TASK OBJECTIVE: Could you restate word for word each line from the top of the listing below through the line containing "ボトムス くまさん 紫 水色 パンツ ズボン"? Keep the pictures out.
== Segment start ==
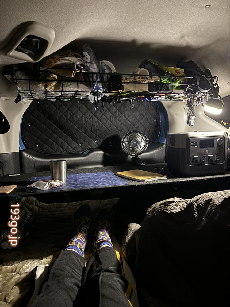使わない荷物はベッド下部の荷台に収納し、後部座席をフルフラットにして、窓全面にシェードを貼ってお休み。寝袋一つでも寒くない気候。大規模なサービスエリアのようにトラックのアイドリングなどがなく、静かで快適だった。
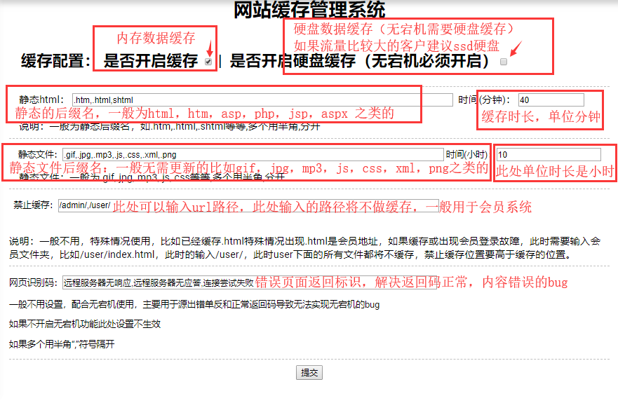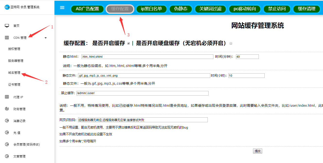 禁止缓存:此处设置可以输入会员系统路径,包含此路径的都不做任何缓存,常用于会员系统,因为会员系统不能做缓存,否则会员将会出现异常
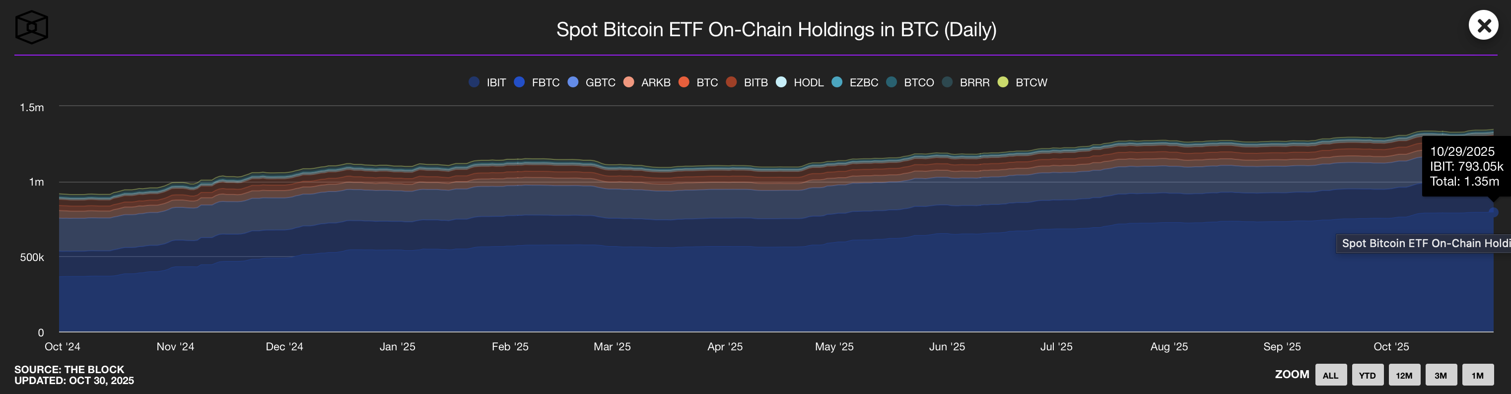 بعد سنوات من الصراع القانوني ومبادرة بلاك روك، تم إدراج 12 صندوق استثماري مرتبط بالبيتكوين ETFs في يناير 2024. وقد وفر هذا تدفقًا مؤسسيًا إلى البيتكوين، الذي، اعتبارًا من 30 أكتوبر، يحتفظ بـ 1.35 مليون بيتكوين أو ما يقرب من 6.5% من إجمالي عرض البيتكوين.
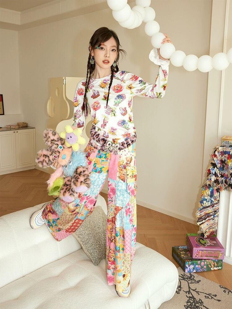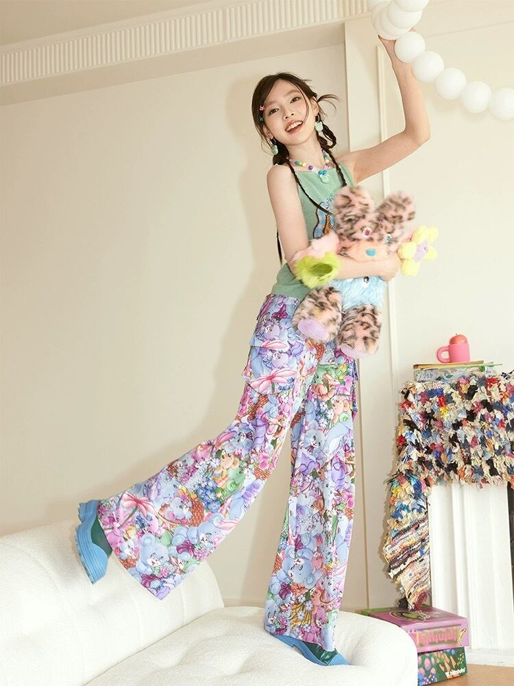 ボトムス くまさん 紫 水色 パンツ ズボン
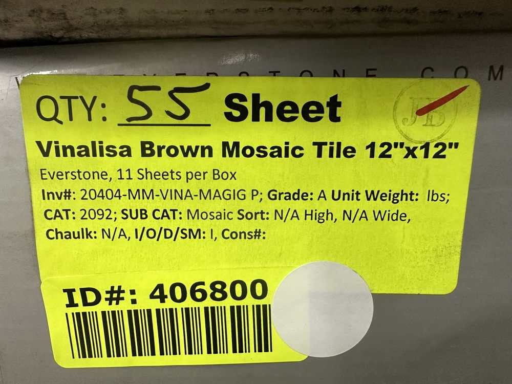 Vinalisa Brown Mosaic Tile 12"x12". Everstone, 11 sheets per box, Grade: A. Weight: X. Sold by: Sheet. Sold as: Price X Quantity. Inventory #: 20404-MM-VINA-MAGIG P
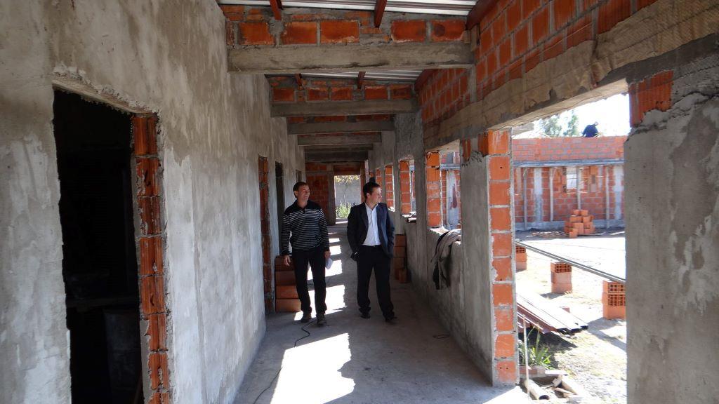 Actualmente, y luego de la finalización de la etapa de mampostería de paredes perimetrales y de cierre, se trabaja en la ejecución de encadenados y soportes de perfilería de techo en el sector del SUM, Cocina y Depósito, con vistas a la colocación de las chapas de cubierta en la próxima semana. El resto del edificio: ala de consultorios, ingresos, y sector de aulas, ya se encuentra con la cubierta colocada, y hormigonados los sectores respectivos del techo donde se asentarán los tanques y los tabiques que conforman el frontispicio del ingreso. Simultáneamente con el techado, se están ejecutando los revoques interiores y exteriores del sector donde el techo ya está terminado, tareas que se ejecutan cuando las condiciones del tiempo no permiten el trabajo exterior, y evitan de esta forma retrasos en la obra debido a factores climáticos. Al culminarse la etapa de techados y revoques, se comenzará con las instalaciones, de acuerdo con el cronograma de tareas de la obra, oportunamente aprobado. Se está laborando a buen ritmo, con la cuadrilla de operarios que se capacitaron en oportunidad de la obra de la Casa del Bicentenario, y que actualmente prestan sus servicios en esta obra, que a su finalización constituirá un ícono más de la tarea social inclusiva llevada a cabo por nuestra Municipalidad, tanto en su construcción como en su funcionamiento posterior.
== Segment end ==
OUTPUT:
使わない荷物はベッド下部の荷台に収納し、後部座席をフルフラットにして、窓全面にシェードを貼ってお休み。寝袋一つでも寒くない気候。大規模なサービスエリアのようにトラックのアイドリングなどがなく、静かで快適だった。
 禁止缓存:此处设置可以输入会员系统路径,包含此路径的都不做任何缓存,常用于会员系统,因为会员系统不能做缓存,否则会员将会出现异常
 بعد سنوات من الصراع القانوني ومبادرة بلاك روك، تم إدراج 12 صندوق استثماري مرتبط بالبيتكوين ETFs في يناير 2024. وقد وفر هذا تدفقًا مؤسسيًا إلى البيتكوين، الذي، اعتبارًا من 30 أكتوبر، يحتفظ بـ 1.35 مليون بيتكوين أو ما يقرب من 6.5% من إجمالي عرض البيتكوين.
 ボトムス くまさん 紫 水色 パンツ ズボン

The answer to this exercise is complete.